◆ Task prompt
Leave out every picture and set down, exactly, the lines below from the one holding "[농축환경신문] 이승돈 농촌진흥청장은" up to and including the one holding "Parathyroid hormone (PTH)".

◆ Exercise input
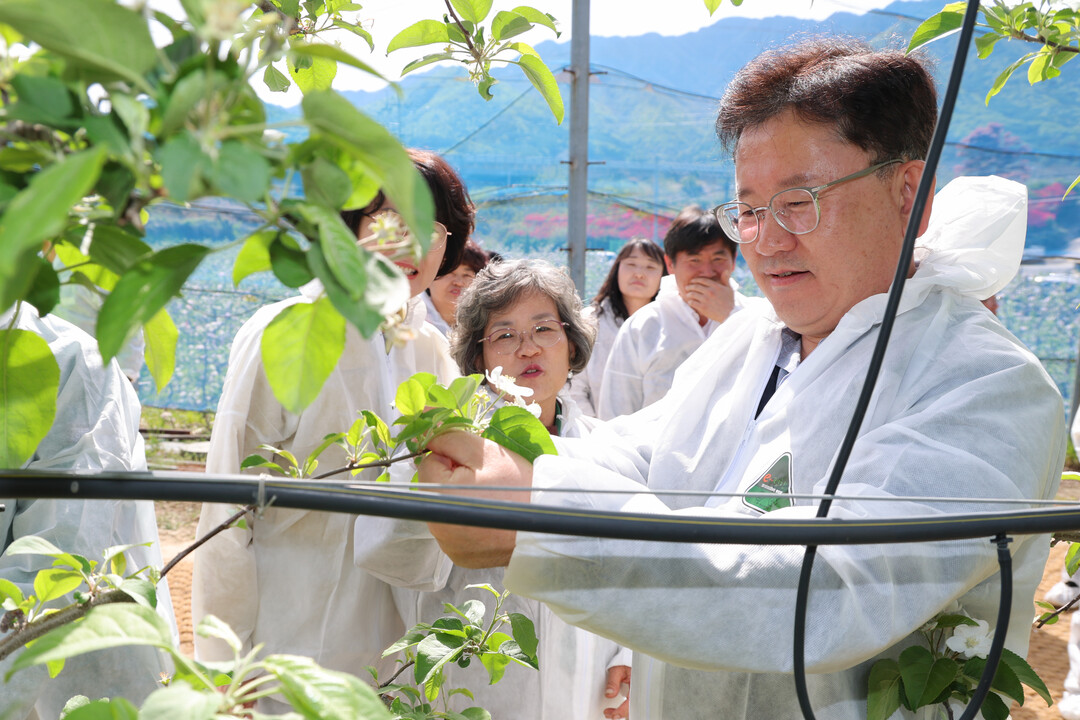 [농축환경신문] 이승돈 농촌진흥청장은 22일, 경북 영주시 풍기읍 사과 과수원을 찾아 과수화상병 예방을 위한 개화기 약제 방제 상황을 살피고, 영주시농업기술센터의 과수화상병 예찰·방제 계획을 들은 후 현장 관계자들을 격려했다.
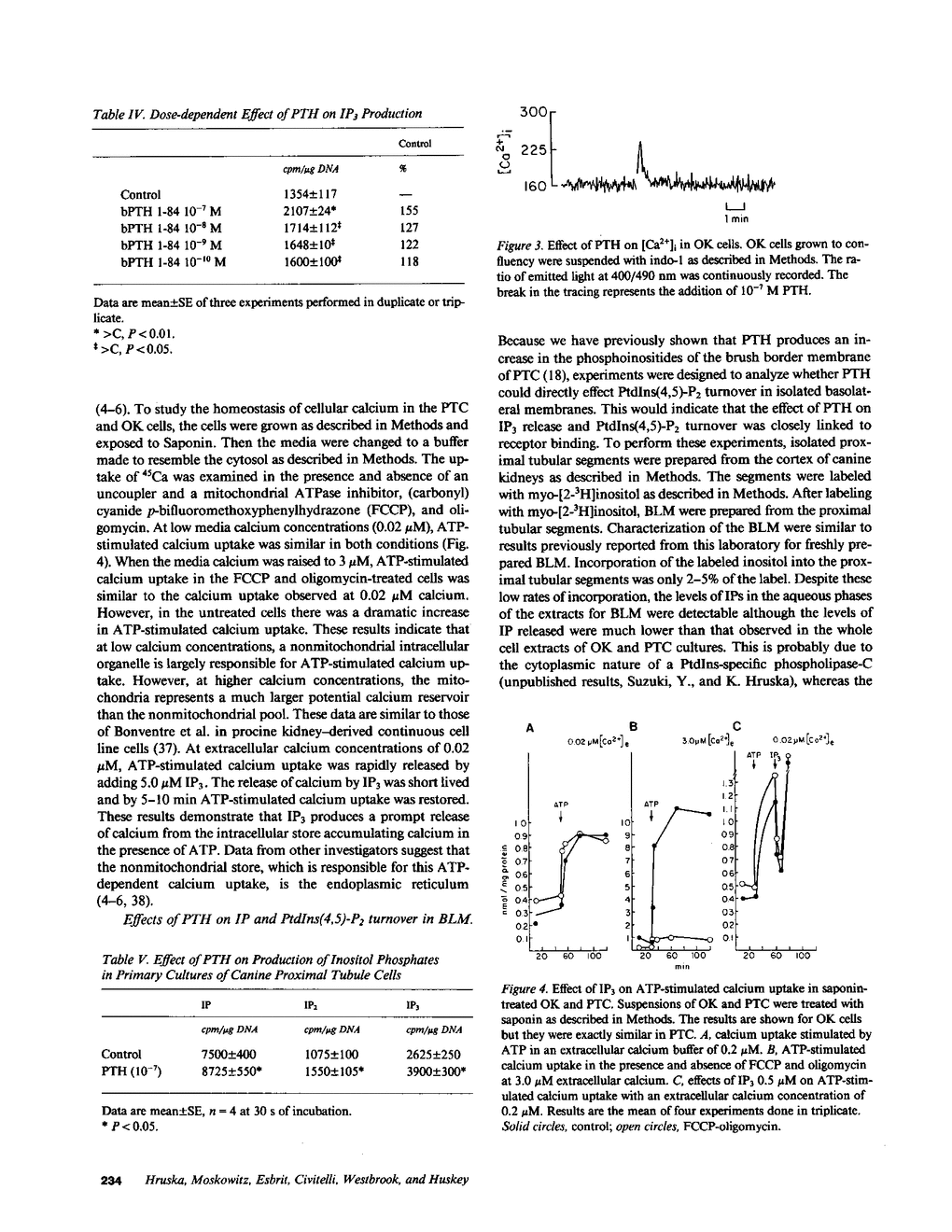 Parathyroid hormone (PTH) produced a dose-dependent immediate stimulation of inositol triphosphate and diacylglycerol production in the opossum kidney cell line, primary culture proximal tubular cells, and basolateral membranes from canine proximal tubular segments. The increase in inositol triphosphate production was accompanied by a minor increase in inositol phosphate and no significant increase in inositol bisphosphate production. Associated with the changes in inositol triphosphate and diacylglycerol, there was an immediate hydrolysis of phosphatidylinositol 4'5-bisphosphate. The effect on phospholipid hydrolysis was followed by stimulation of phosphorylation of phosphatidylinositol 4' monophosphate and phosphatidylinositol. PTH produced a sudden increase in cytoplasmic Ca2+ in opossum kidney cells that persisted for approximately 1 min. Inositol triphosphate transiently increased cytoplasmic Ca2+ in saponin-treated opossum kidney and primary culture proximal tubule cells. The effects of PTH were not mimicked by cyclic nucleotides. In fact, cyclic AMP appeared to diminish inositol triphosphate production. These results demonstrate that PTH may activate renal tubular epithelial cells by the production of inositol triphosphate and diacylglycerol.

...

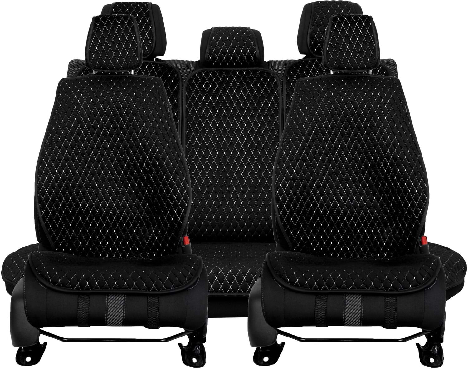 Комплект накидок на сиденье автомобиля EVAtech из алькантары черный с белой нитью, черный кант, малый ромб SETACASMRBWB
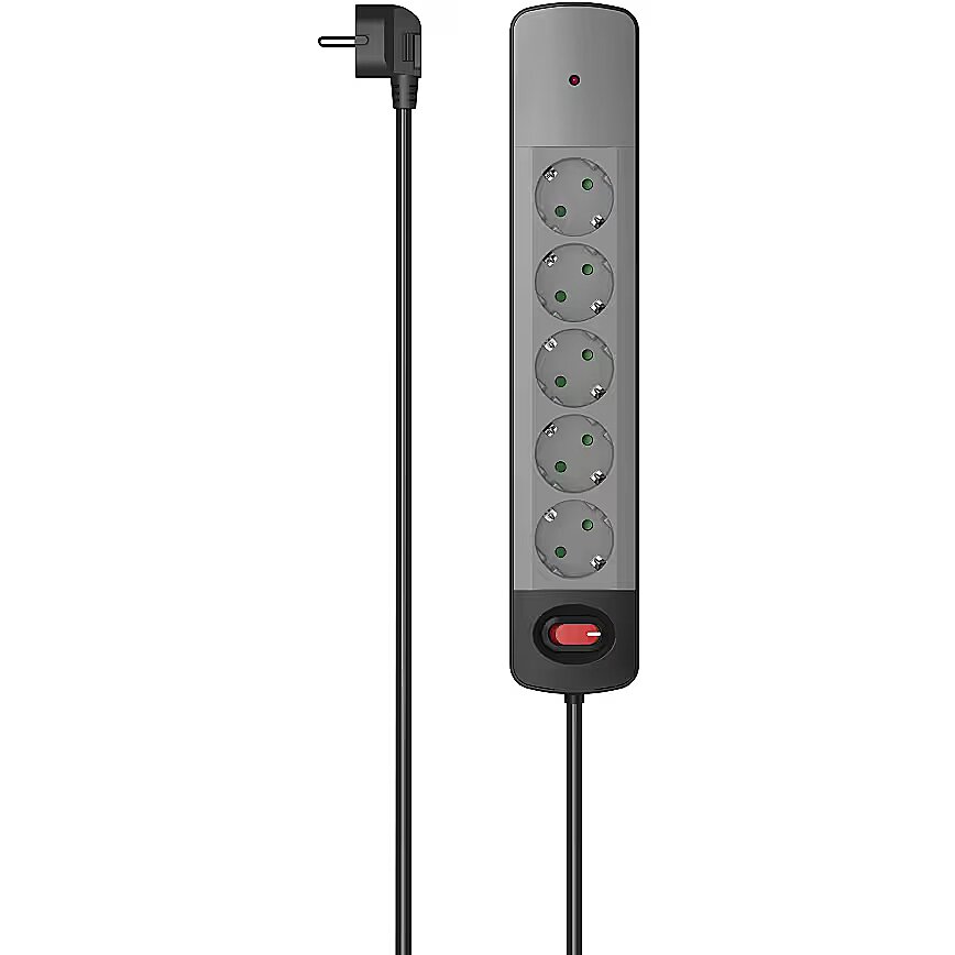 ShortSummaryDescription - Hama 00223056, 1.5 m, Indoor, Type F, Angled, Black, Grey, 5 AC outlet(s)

==

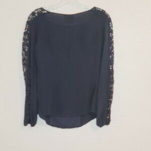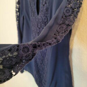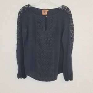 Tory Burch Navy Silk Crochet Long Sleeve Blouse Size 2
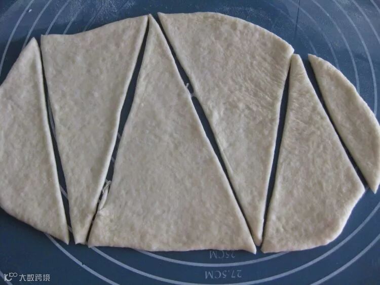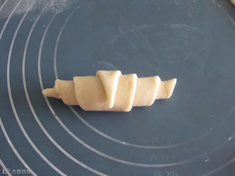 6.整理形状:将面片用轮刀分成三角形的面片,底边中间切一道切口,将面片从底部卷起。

◆ Result of this task
 [농축환경신문] 이승돈 농촌진흥청장은 22일, 경북 영주시 풍기읍 사과 과수원을 찾아 과수화상병 예방을 위한 개화기 약제 방제 상황을 살피고, 영주시농업기술센터의 과수화상병 예찰·방제 계획을 들은 후 현장 관계자들을 격려했다.
 Parathyroid hormone (PTH) produced a dose-dependent immediate stimulation of inositol triphosphate and diacylglycerol production in the opossum kidney cell line, primary culture proximal tubular cells, and basolateral membranes from canine proximal tubular segments. The increase in inositol triphosphate production was accompanied by a minor increase in inositol phosphate and no significant increase in inositol bisphosphate production. Associated with the changes in inositol triphosphate and diacylglycerol, there was an immediate hydrolysis of phosphatidylinositol 4'5-bisphosphate. The effect on phospholipid hydrolysis was followed by stimulation of phosphorylation of phosphatidylinositol 4' monophosphate and phosphatidylinositol. PTH produced a sudden increase in cytoplasmic Ca2+ in opossum kidney cells that persisted for approximately 1 min. Inositol triphosphate transiently increased cytoplasmic Ca2+ in saponin-treated opossum kidney and primary culture proximal tubule cells. The effects of PTH were not mimicked by cyclic nucleotides. In fact, cyclic AMP appeared to diminish inositol triphosphate production. These results demonstrate that PTH may activate renal tubular epithelial cells by the production of inositol triphosphate and diacylglycerol.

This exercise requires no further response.